Avery Bradley is the kind of defender that only comes along once in a very blue and very full moon. When NBA talking heads and coaches refer to him as "an elite defender" they're not just blowing smoke. He's the real deal. The kind of defender that may someday be lumped in with the Bobby Jonses, the Dennis Rodmans and the Joe Dumarses (Dumarses? Oh, what the Hell...) as defenders who could, at their respective positions, change the game as surely as a great offensive player could. Scoff at this comparison if you will, but we've already seen what he can do to some of those great offensive players (Dwyane Wade...take a seat) and decent ball-handlers (Jameer Nelson had to wash his jersey three times after this game just to make sure that Bradley wasn't still in it!), and on this particular team, with this particular point guard on it, Bradley becomes essential. I could explain this point more, but John Karalis of Redsarmy.com has already done it exquisitely.

Now, if I heard something along the lines of, say, perhaps “Sullinger and Courtney Lee for Gortat” I MIGHT be tempted to at least get in the car and check out the interior package while listening to the satellite radio. If that offer turned into Sullinger and a pick for Gortat, I MIGHT just have to reach across to the other seat and shake hands on the deal. In my completely unprofessional opinion, losing Sullinger would be a difficult proposition to swallow because there is great potential written all over him. In just his 10th and 11th games, he's gone for 12 points and 11 rebounds in one game and then 16 points on 7-12 shooting in the next. Granted, he's an undersized non-leaper, but he still finds a way through positioning and sheer will to rebound and get his points, either by maneuvering under the hoop, upfaking and getting to the line for foul shots or stepping out and shooting at near three-ball range.
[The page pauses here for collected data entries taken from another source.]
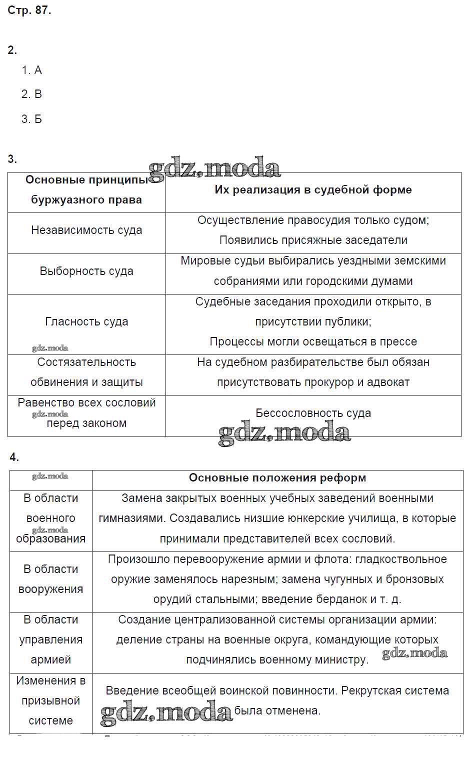 ГДЗ решение к заданию № 87 История России 9 класс рабочая тетрадь Данилов А.А. Просвещение 2017 Часть 1, Часть 2 ФГОС бесплатно на гдз.мода!
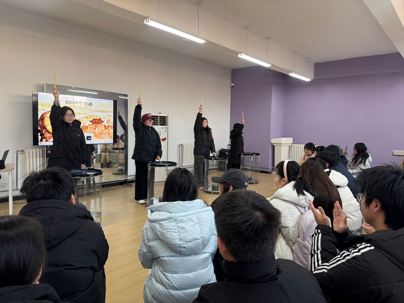 12月26日下午,九河书院112教室的门缝里,传出阵阵不同于往日的鼓声——它既有传统的沉稳铿锵,又交织着青春的跃动韵律。推开门,“鼓岳家年华”第五期活动现场,一场关于“非遗中国鼓”的传承与创新对话,正随着鼓点蓬勃展开。
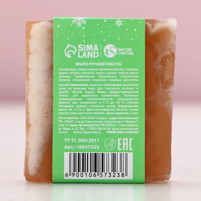 Мыло для рук ручной работы, 90 г, аромат кедровых ветвей, Чистое счастье — Характеристики

But, as much as it would pain me to see Sullinger come back at us in another uniform like Big Al, Perk and even Tony Allen before him, if you're Danny Ainge, you make this move for one simple reason: Banner # 18. Do the Celtics have the personnel to get it done this year without making a move? I actually believe that they do, once the team really gels with each other and the defensive/offensive game plan. Landing Gortat for a commodity that we have somewhat in abundance -- Brandon Bass, Jeff Green, Chris Wilcox, and KG, once he slides back to his natural position -- could potentially be the kind of player that tilts the scales against the centerless Miami’s and the centerfull LA Lakers, Pacers and Sixers (once they can get Andrew Bynum to stop bowling) of the league. Jason Collins can come in and capably fill in as a defensive center, and the C's can still ball with smalls if Doc wants KG in the middle for matchup issues. And, for added protection at the power forward slot, we can still go grab K-Mart as insurance (even with his chronic knee issues, he's not a bad gamble for a 15th roster spot).
 
Of course, none of this talk becomes relevant until late December/early January because league rules prohibit recently signed free agents from being traded until then, and a trade for Gortat would likely require at least one of the C's new signees with whomever else the Suns would covet (Bradley? Step off, Sun!) in exchange for their disenchanted center.

By then, though, the Celtics might already be lounging back atop the Atlantic Division, blowing bad teams out and manhandling the good ones as they strike fear into hearts of fan and player alike from South Beach through Oklahoma City and out to Los Angeles.